Intel X710 10gbps NIC with Cisco Nexus LINK problem

We need to replace our cluster gws.

we install gaia 3.10 R80.30 take 196 on 2x Dell R640 with X710 10gb NIC.

the nic have been correctly recognized by gaia but the 10g link to our nexus switch is down.

below the configurations

Nexus

interface Ethernet1/36
description TEMP FW
switchport
switchport access vlan 10
spanning-tree port type edge
flowcontrol receive on

speed 10000
no shutdown

transceiver is present
type is SFP-H10GB-AOC10M
name is CISCO-AVAGO

 

GAIA

set interface eth0 link-speed 10G/full
set interface eth0 state on
set interface eth0 auto-negotiation off
set interface eth0 mtu 1500
set interface eth0 ipv4-address 1.1.1.1 mask-length 24

 

Do we need particular dac cables?

any suggestions?

thank you

0 Kudos
1 Reply
Timothy_Hall
Champion
Champion

It could be due to LLDP or the transceiver you are using, see this excerpt from the third edition of my book:

Click to Expand

Cisco Nexus Interoperability Tips

As someone who has done a lot of work with a variety of Cisco devices over the years,
and held many Cisco-related certifications including a CCNP at one time, it pains me to
write this section of the book. Unfortunately Cisco’s Nexus products in particular are
becoming increasingly picky about which third-party (i.e. not Cisco) NICs they will
operate with by default. This has led to odd stability & performance problems between
Check Point firewall appliances that employ advanced NICs such as those manufactured
by Mellanox. These are typically 25Gbps or faster cards installed into the expansion
slots of the newest Check Point appliances.

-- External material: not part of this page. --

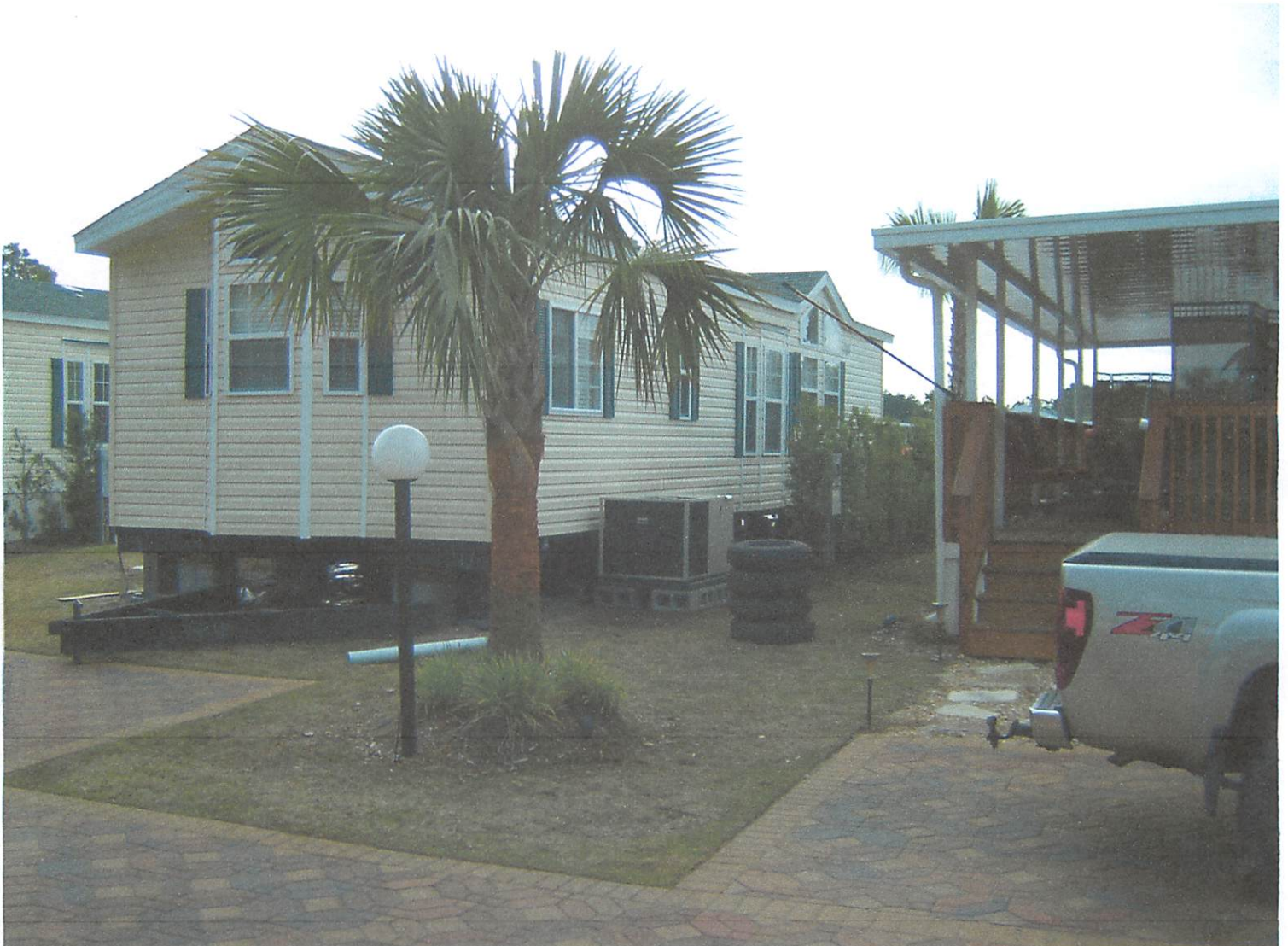
REAR VIEW 02/16/2014

If submitting more photographs than will fit on the preceding page, affix the additional photographs below. Identify all photographs with: date taken; "Front View" and "Rear View"; and, if required, "Right Side View" and "Left Side View." When applicable, photographs must show the foundation with representative examples of the flood openings or vents, as indicated in Section A8.

If you have attached one of these Mellanox cards to a Cisco Nexus device and are
seeing carrier flaps on the interface, or better yet it refuses to link up at all (my personal
favorite), you may need to run these commands on the Cisco Nexus side to get things
working and stable:

service unsupported-transceiver
no lldp transmit
no lldp receive

See these SKs for the latest updates: sk117676: Is Link Layer Discovery Protocol
( LLDP ) supported on Gaia? and sk163267: LLDP issue with Intel X710 10G NIC
connected to Cisco 5K Switches.

In addition I’ve seen some rather odd auto-negotiation issues when attached to a
Cisco switchport, where the Check Point interface must be manually set to the desired
maximum speed instead of the default setting of “Auto”. Duplex negotiation is
mandatory in the Gigabit Ethernet specification, so doing this should not result in a

dreaded duplex mismatch condition (covered later in this chapter), but hard-coding the
interface speed should only be done as a last resort if you can’t get link established.

Finally, some devices such as the Cisco Nexus 7000 will drop multicast traffic that
uses a multicast MAC address, if it does not also use a “traditional” Class D multicast IP
address (224.0.0.0-239.255.255.255), which happens to be the default behavior for
ClusterXL. This situation will cause interface flaps in ClusterXL and lead to cluster
instability. See the following SK to change this behavior: sk115142: Switch drops
Check Point CCP packets when CCP is working in multicast mode.